All these factors are reasons why Gundlach believes the initial move in interest rates will be up, not down as normally happens when the next recession strikes. Then the Fed is likely to engage in asset purchases and other manipulative moves.

However, Gundlach had more kind words for Jay Powell than he has had in the past. Powell realizes that if the U.S. were to join Germany and Japan and move to a negative interest rate regime, the global financial system “couldn’t survive.” At the same time, the Fed chairman has said he won’t raise interest rates until inflation appears in a significant and persistent way.

The topic of the webcast was the investment company’s flagship DoubleLine Total Return fund. Gundlach pointedly noted that the $54 billion fund holds no corporate bonds, and that’s no accident.

“The quality of the corporate bond market has collapsed” over the last 50 years, he said. About half the world’s junk bonds and total corporate debt resides in America. When the next recession comes many more bonds are likely to get downgraded to junk status. “When bonds get downgraded, their prices do not go up,” he added.

Already, a quick scan of how different classes of bonds performed in 2019 reveals some strange signs are surfacing. For example, bonds rated double B have outperformed those rated triple C by a wide margin. The last two times this happened were in 1994 and 2001, both years when the equity markets struggled. This is “telling us something” and could be “the first robin of spring.”

It's not the only canary chirping in the coalmine. Back in September, rates in the overnight Repo market topped 2% when the 10-year Treasury was yielding 1.7%. Something there clearly isn't right.

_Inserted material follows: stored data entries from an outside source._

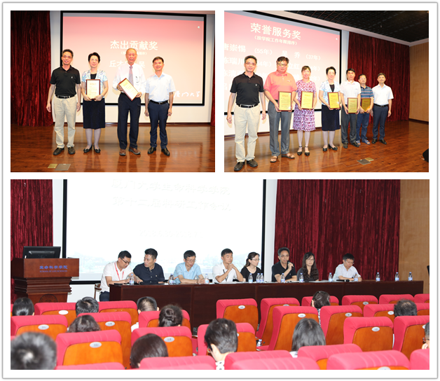 27名老师登台受颁“杰出贡献奖”、“科研奖”、“教学奖”等六项奖项,来自新加坡国立大学的丘才良教授获得了由生命科学学院颁发的“杰出贡献奖”以及由厦门大学生物医学学科创新引智基地颁发的“学科创新引智特殊贡献奖”。值得一提的是,学院今年新设“荣誉服务奖”,特别向在学院工作满30年以上的老师表示感恩和敬意。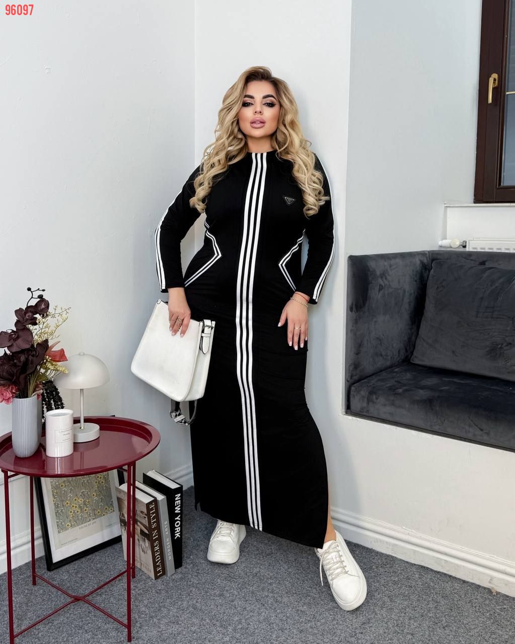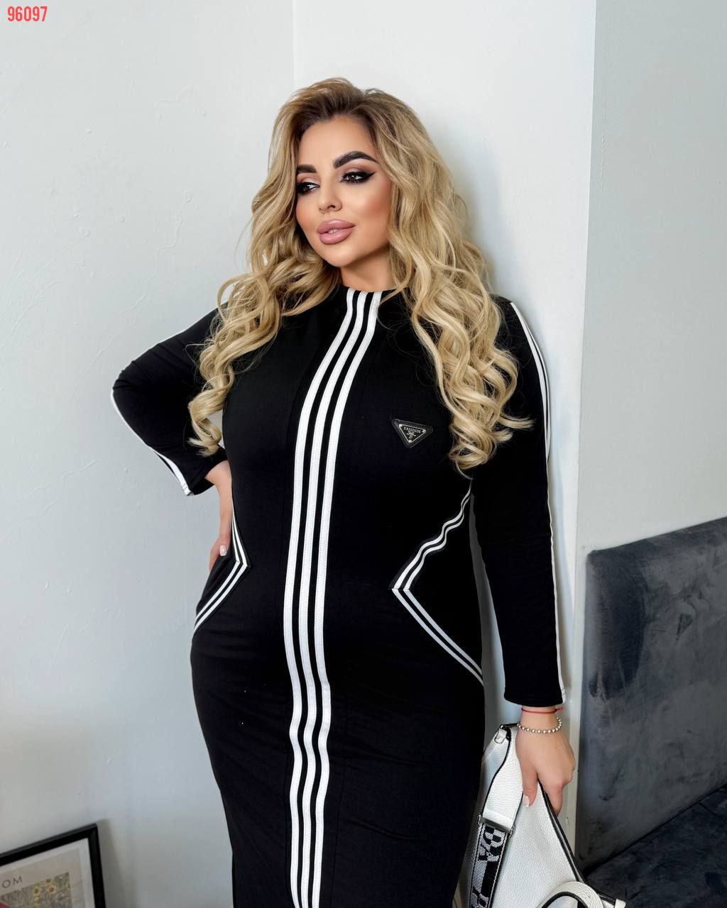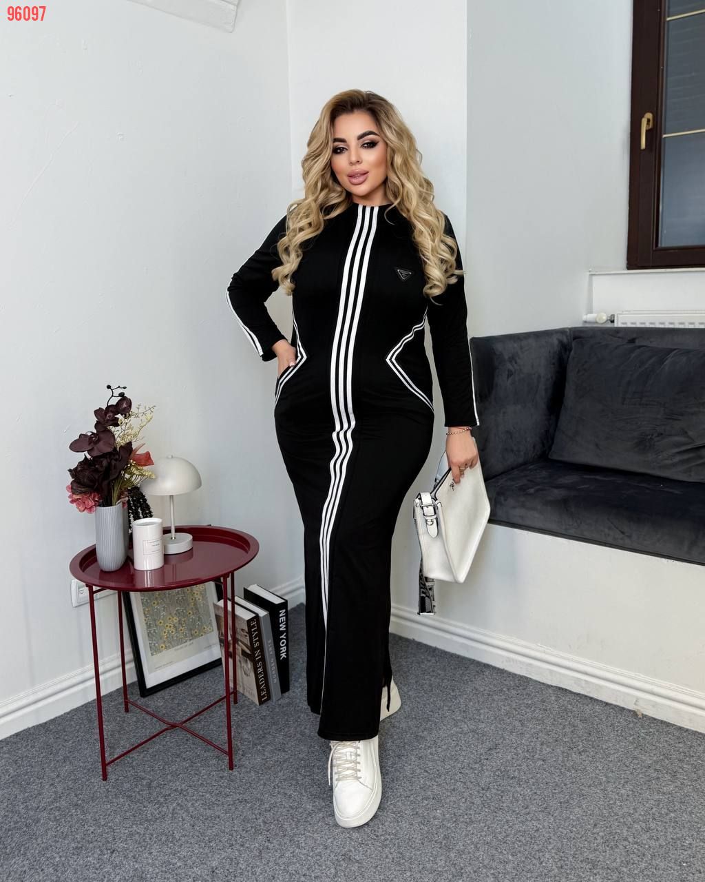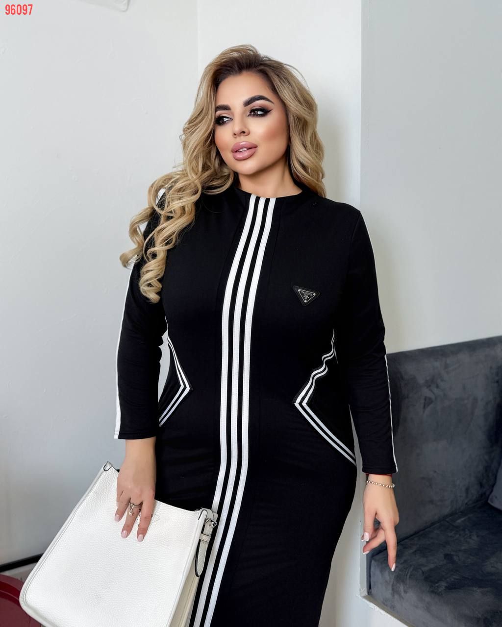 Склад тканини : 50%полиестер, 30%вискоза, 15%район, 5%спандекс. Плаття приталеного крою , прикрашене спереду лампасами в три ряди ( подовжує силует та робить фігуру більш витонченою ). На рукавах та кишенях чорно-білі лампаси , з боків кишені , на грудях прикраса , по низу з боків розрізи.
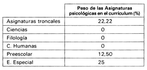 Las asignaturas de contenido psicológico tienen en el currículum actual de los estudios de Magisterio, el peso que puede observarse en el cuadro 1.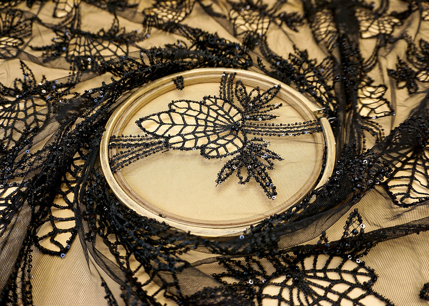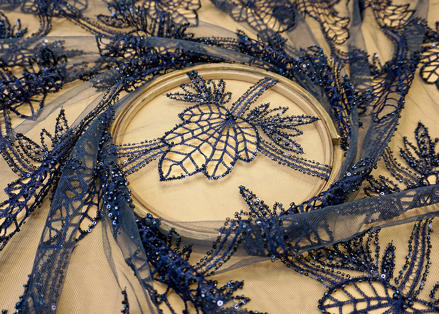Rama Green Floral Crush Tissue Embroidery Fabric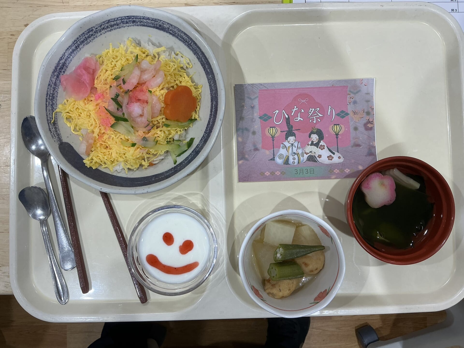 ちなみに、ひな祭りの昼食です!私も食べましたが、いろどりもキレイで味も美味しかったです!

The 2020 Election: Hillary?
Four years ago, Gundlach earned a reputation as a clairvoyant amateur political pundit, predicting President Trump would win the election one year before it was held. This year he isn’t nearly as certain.

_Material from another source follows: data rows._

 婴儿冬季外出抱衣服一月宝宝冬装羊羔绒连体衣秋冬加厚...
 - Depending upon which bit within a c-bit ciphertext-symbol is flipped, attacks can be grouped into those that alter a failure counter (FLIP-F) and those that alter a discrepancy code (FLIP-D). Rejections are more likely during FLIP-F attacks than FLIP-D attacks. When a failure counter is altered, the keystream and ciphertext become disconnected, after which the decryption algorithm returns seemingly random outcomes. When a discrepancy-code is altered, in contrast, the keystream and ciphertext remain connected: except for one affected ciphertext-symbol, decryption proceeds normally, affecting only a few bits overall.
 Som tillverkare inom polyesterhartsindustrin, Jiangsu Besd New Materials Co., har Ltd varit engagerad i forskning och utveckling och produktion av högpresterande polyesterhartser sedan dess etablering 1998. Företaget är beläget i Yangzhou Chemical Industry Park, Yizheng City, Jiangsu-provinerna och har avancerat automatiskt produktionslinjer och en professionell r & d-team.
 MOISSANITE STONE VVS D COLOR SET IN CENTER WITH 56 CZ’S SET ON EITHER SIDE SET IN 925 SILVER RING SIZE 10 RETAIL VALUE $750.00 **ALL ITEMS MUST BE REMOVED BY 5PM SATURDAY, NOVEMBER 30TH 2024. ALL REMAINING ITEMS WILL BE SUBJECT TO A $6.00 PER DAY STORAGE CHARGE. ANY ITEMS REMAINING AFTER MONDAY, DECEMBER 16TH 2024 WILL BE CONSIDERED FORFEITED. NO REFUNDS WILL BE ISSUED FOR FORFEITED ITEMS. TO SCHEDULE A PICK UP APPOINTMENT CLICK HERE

Former Vice President Joe Biden seems “to have no chance,” even though he remains stuck in first place at 28%, the bond manager said. The way Biden struggles “to formulate paragraphs in debates” is sad. And at 28% he should be rising, not flatlining.

Massachusetts Senator Elizabeth Warren “has completely petered out,” Gundlach observed. Only a few months ago, betting markets gave her a 52% chance of winning the nomination, now she is at 15%, down 70%. “Once you take a dive like that,” she's toast, Gundlach says.

Vermont Senator Bernie Sanders seems to be enjoying a rebound at Warren’s expense. But Gundlach thinks that, as the details of left-wing Democrats’ plans to socialize much of the economy sink in, victory-starved Democrats will look elsewhere.

That brings in former South Bend Mayor Pete Buttigieg, the “best candidate on his feet since Ronald Reagan.” Buttigieg’s biggest problem may be that he is 37 years old but looks 21, like “he is running for student council president,” Gundlach comments.

As for former New York Mayor Michael Bloomberg. Gundlach doesn’t believe the job of New York mayor is a good stepping stone to presidency. Though Gundlach didn’t say it, another former mayor, Rudy Giuliani, might agree. Gundlach also said Bloomberg’s comments that he likes regressive taxes on the poor because it gives society a chance to modify their behavior in areas like soda consumption aren’t going to be received favorably by the American public.

That leaves the Democrats with their strongest candidate in his view, former Secretary of State Hillary Clinton. However, Gundlach doubts she’ll enter the race.

So the best case scenario is that President Trump is re-elected, like about 70% of sitting presidents. Gundlach said that what Trump really has going for him is that “the Democratic race is a complete mess.”